I have friends who lived in a garage while their house was being built. They had young kid s and found that Corelle doesnt do well with cement.


----------



## sohj (Jan 14, 2003)

Just a small voice in the corner suggesting that the microwave isn't used at all. I use a double boiler to re-heat nearly everything, up to and including single portions of pastry. I use one with a large upper pot, this one by Tramontina: http://www.125west.com/Tramontina_Ki..._cookware.html If you scroll down the page, you'll come to the double boilers. Yes, they are not cheap, but I've never thought microwave ovens were, either. Also, I can cook rice in the bottom (nice, heavy pots) while something re-heats in the top. Note what large capacity these are...2 quarts or 3.75 quarts! That's a lot of food. Then, I just serve in whatever serving plate I want to use.

More flexible, too. I've taken this and put it on a campfire. Can't do that with a microwave oven!


----------



## Ruthla (Jun 2, 2004)

I have two sets of Corelle dishes (one for meat and one for dairy.) Growing up we had Corelle as well, both before and after we got our first microwave oven.

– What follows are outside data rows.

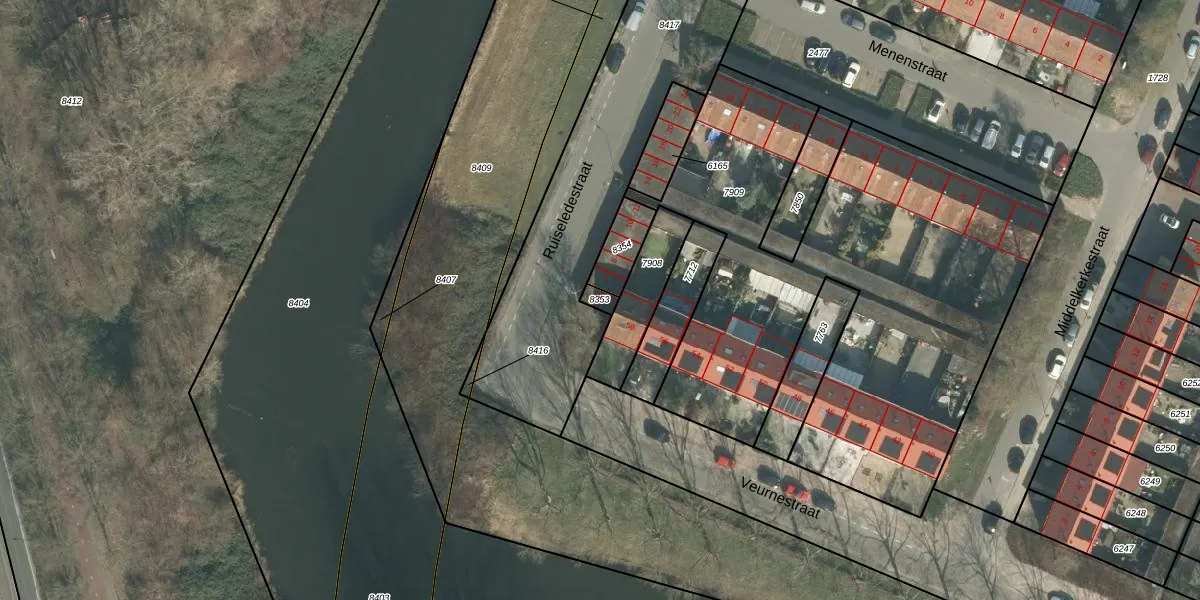 Het perceel waarop Ruiseledestraat 2 staat heeft een oppervlakte van 19 m². Dit is een klein perceel. De perceeloppervlakte wordt geregistreerd door het Kadaster. Gedetailleerde informatie over de maten van dit perceel kunt u vinden in het rapport Kadastrale kaart met maatvoering van Ruiseledestraat 2.
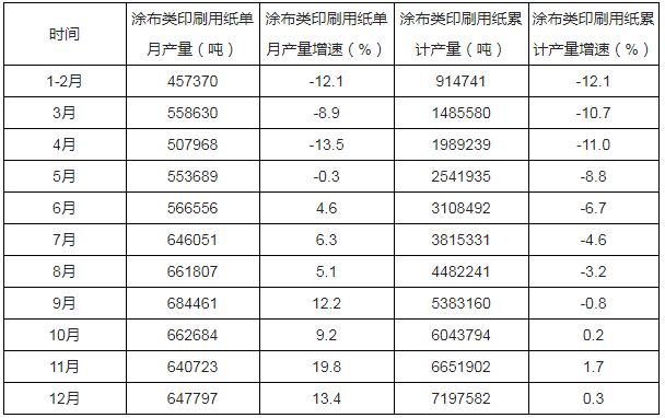 2019年1-12月中國涂布類印刷用紙產(chǎn)量及增速統(tǒng)計表
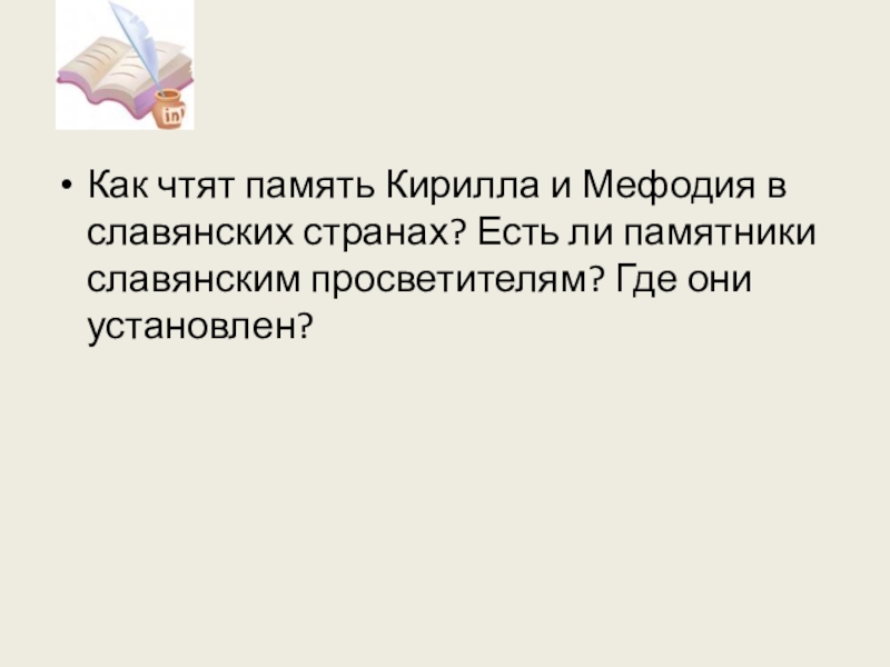 Слайд 19Как чтят память Кирилла и Мефодия в славянских странах? Есть ли

Using them in the microwave weakens them- if you regularly "nuke" the dishes, then they probably WILL break when the toddler throws it onto the vinyl floor from the high chair (or slips out of your hands when you're unloading the dishwasher- ask me how I know this.







) Our pre-microwave set of Corelle dishes held up a lot better (though it still got chipped from normal use.)


----------



## messy mama (Jan 14, 2005)

Quote:


Originally Posted by *sohj*
Just a small voice in the corner suggesting that the microwave isn't used at all. I use a double boiler to re-heat nearly everything, up to and including single portions of pastry. I use one with a large upper pot, this one by Tramontina: http://www.125west.com/Tramontina_Ki..._cookware.html If you scroll down the page, you'll come to the double boilers. Yes, they are not cheap, but I've never thought microwave ovens were, either. Also, I can cook rice in the bottom (nice, heavy pots) while something re-heats in the top. Note what large capacity these are...2 quarts or 3.75 quarts! That's a lot of food. Then, I just serve in whatever serving plate I want to use.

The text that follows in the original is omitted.